Él cruzó la puerta, fue pasillo abajo y llamó el ascensor. Ella se quedó mirándolo desde el umbral, con la puerta abierta.

–¿Sabes qué, querido mío? –le dijo–. ¿Sabes qué es lo que a ti te pasa? Has llegado a la edad madura. Por eso tienes estas ideas.

El ascensor se detuvo en la planta y el ascensorista abrió la puerta.

Guy Allen se dio media vuelta antes de entrar en la cabina.

–Hace seis años todavía no había llegado a la edad madura –le dijo–. Y entonces ya las tenía. Adiós, Maida. Buena suerte.
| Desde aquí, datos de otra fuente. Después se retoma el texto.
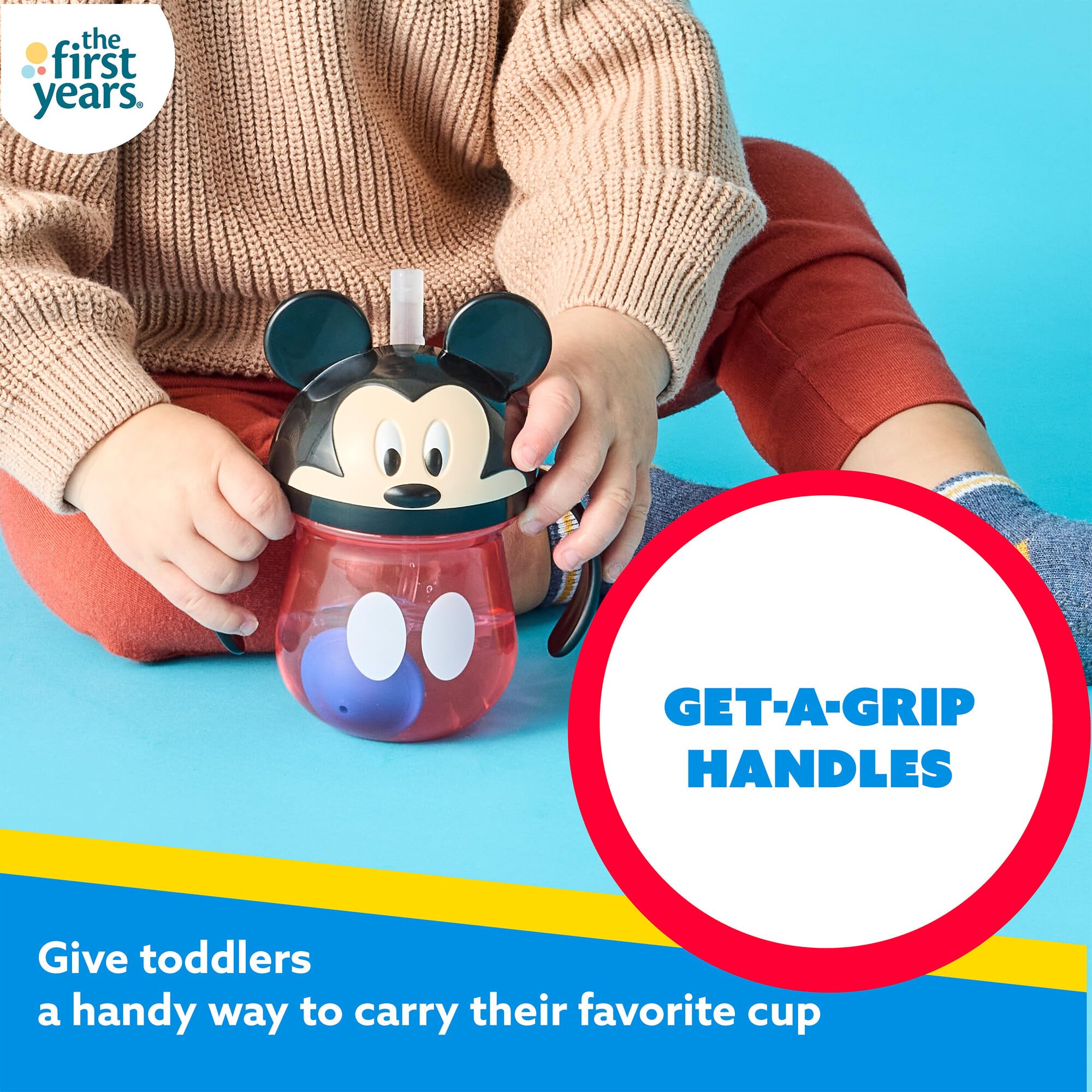 Mickey helps babies learn to sip from a straw with The First Years Weighted Straw Sippy Cup! This baby sippy cup makes sure no drop is left behind thanks to the weighted straw that stays in the liquid for easy sipping as your baby learns to drink. Even if the straw cup tips from side to side, the weight stays in the right place, making it easy for toddlers to get a sip whenever they want one. Whether they're spending the day at home, out at the park, or heading to daycare, this toddler cup's training handles are designed for little hands to hold on to. Their new favorite sippy cup also has a flip-top cover over the straw that does double duty by keeping the straw clean and the drink inside the cup. (Great for your toddler on the go!) Your little one will love having Mickey by their side as they sip, and you'll love the dishwasher-safe design that makes this trainer cup easy to keep clean. This spill proof sippy cup is made without BPA for toddlers learning to sip ages 6 months and up.

–Buen viaje –le deseó ella–. Mándame una postal de la ciudad.

La señora Allen cerró la puerta y regresó a la sala. Se quedó muy quieta en el centro de la habitación. No se sentía como había imaginado.

En fin. Se había comportado con perfecta frialdad y dulzura. Debía de ser que Guy todavía no estaba del todo recuperado de su leve dolencia. Pero se recuperaría; vaya si lo haría. Vaya si lo haría. Cuando estuviera allá lejos, dando tumbos por las colinas de San Francisco, recobraría el buen juicio. Intentó fantasear un rato; él volvería a su lado, el cabello se le pondría gris de la noche a la mañana –la noche en que se diera cuenta del tormento de su locura– y el cabello gris no lo favorecería nada.

Regresaría para comerse sus palabras, si, ella se aseguraría de que lo hiciera. En su mente casi podía verlo: canoso, ajado y desmoralizado, mientras mordisqueaba las palabras frías, negras, brillosas y desagradables.

No. La fantasía no era suficiente.

Fue al teléfono y llamó a la doctora Langham.